The ASIAIR WiFi Station Mode requires a connection between the ASIAIR and your home router (or extender).
It is not sufficient (nor necessary) that both of the ASIAIR and the home router are strong at your iPad. What is required for Station Mode is a strong signal between the ASIAIR and the router.
If you are on an ASIAIR Pro (instead of the better designed original ASIAIR plastic enclosure from Raspberry Pi), and the router is more than a couple of feet away from the ASIAIR, depending on orientation of the ASIAIR relative to your router (antenna directivity), and how many WiFi signals are in your neighborhood (signal to noise ratio of the WiFi signal), what you see is quite typical of what happens when you bury a microwave antenna inside a metal box (Faraday Cage). There are some orientations that won't work with a separation of just 5 feet, especially if you have a neighbor with a strong WiFi signal.

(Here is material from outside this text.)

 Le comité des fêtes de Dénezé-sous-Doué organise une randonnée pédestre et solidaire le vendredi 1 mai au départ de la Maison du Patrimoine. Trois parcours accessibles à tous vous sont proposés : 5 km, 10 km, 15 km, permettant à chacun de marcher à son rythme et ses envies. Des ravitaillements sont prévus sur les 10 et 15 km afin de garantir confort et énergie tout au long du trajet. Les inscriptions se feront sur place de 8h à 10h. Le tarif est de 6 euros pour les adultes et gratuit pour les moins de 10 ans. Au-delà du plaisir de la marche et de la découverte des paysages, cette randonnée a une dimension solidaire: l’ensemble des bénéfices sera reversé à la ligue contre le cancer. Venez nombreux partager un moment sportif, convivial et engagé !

You may be able to site your ASIAIR Pro on a tripod leg (so its orientation does not change when you move the OTA) and change its orientation until it connects (and never move it again).

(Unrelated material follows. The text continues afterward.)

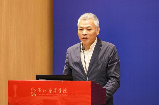浙江音樂學(xué)院校長王瑞在致辭中指出,“中國器樂表演藝術(shù)研究”是浙音第一個(gè)國家社科基金藝術(shù)學(xué)重大項(xiàng)目,該課題與浙音學(xué)科特色緊密相關(guān),也是近年來學(xué)校高度重視優(yōu)勢特色學(xué)科建設(shè),全力推進(jìn)科研工作高水平發(fā)展的一項(xiàng)重要成果。他指出,中國器樂以鮮明的音響性格、獨(dú)特的線性思維、點(diǎn)線結(jié)合的音樂形態(tài)、深邃的哲思意涵,創(chuàng)造了氣韻生動(dòng)、氣象萬千的藝術(shù)意境和美學(xué)品格,在世界音樂寶庫中獨(dú)樹一幟。開展對(duì)于中華文化的系統(tǒng)性研究是一項(xiàng)十分重要的基礎(chǔ)性意義。浙音將以“中國器樂表演藝術(shù)研究”這個(gè)課題為促進(jìn),統(tǒng)籌全國的人才、藝術(shù)、學(xué)術(shù)等資源,發(fā)揮浙音國樂系、民族樂隊(duì)學(xué)院的功能作用,舉全校之力,開展深層次和系統(tǒng)性的中國器樂表演研究以及創(chuàng)作研究、理論研究和教學(xué)研究,建構(gòu)具有中國風(fēng)格、中國氣派、中國審美的中國器樂表演藝術(shù)的學(xué)科體系、學(xué)術(shù)體系和話語體系,真正發(fā)揮推動(dòng)中國音樂藝術(shù)發(fā)展進(jìn)步的作用,在中國音樂與世界音樂的交流互鑒中展現(xiàn)中國文化的風(fēng)采。

A better way is to not use WiFi (either Hotspot or Station Mode) on the ASIAIR at all (why use anything that is designed to fail). Connect the ASIAIR's LAN port to the LAN port of your router with a Cat5 cable, or to the LAN port of a wireless extender, with the extender wirelessly connected to your network.

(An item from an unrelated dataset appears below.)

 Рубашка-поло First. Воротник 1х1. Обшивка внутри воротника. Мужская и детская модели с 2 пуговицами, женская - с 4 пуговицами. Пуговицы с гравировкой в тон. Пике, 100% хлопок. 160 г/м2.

If you have a spare USB port on your ASIAIR, you can also use a USB WiFi dongle like this one
https://www.amazon.com/Edimax-EW-7811Un-V2-Compatible-2-6-18-4-14/dp/B08F2ZNC6J
The above is only capable of 150 Mbps but better than nothing, and Raspbian (Raspberry Pi OS) has a prebuilt driver for the dongle above (ASIAIR worked when I tried; it is no secret that ASIAIR rides on top of Raspbian), but no driver for the faster dongles that I have on hand like the Edimax EP-AC1617. So, it is better to use something like the TP-Link travel router (which works off 5V -- and can even be powered off of one of ASIAIR's USB port) that is configured as an extender, and connecting the ASIAIR to it with an Ethernet cable.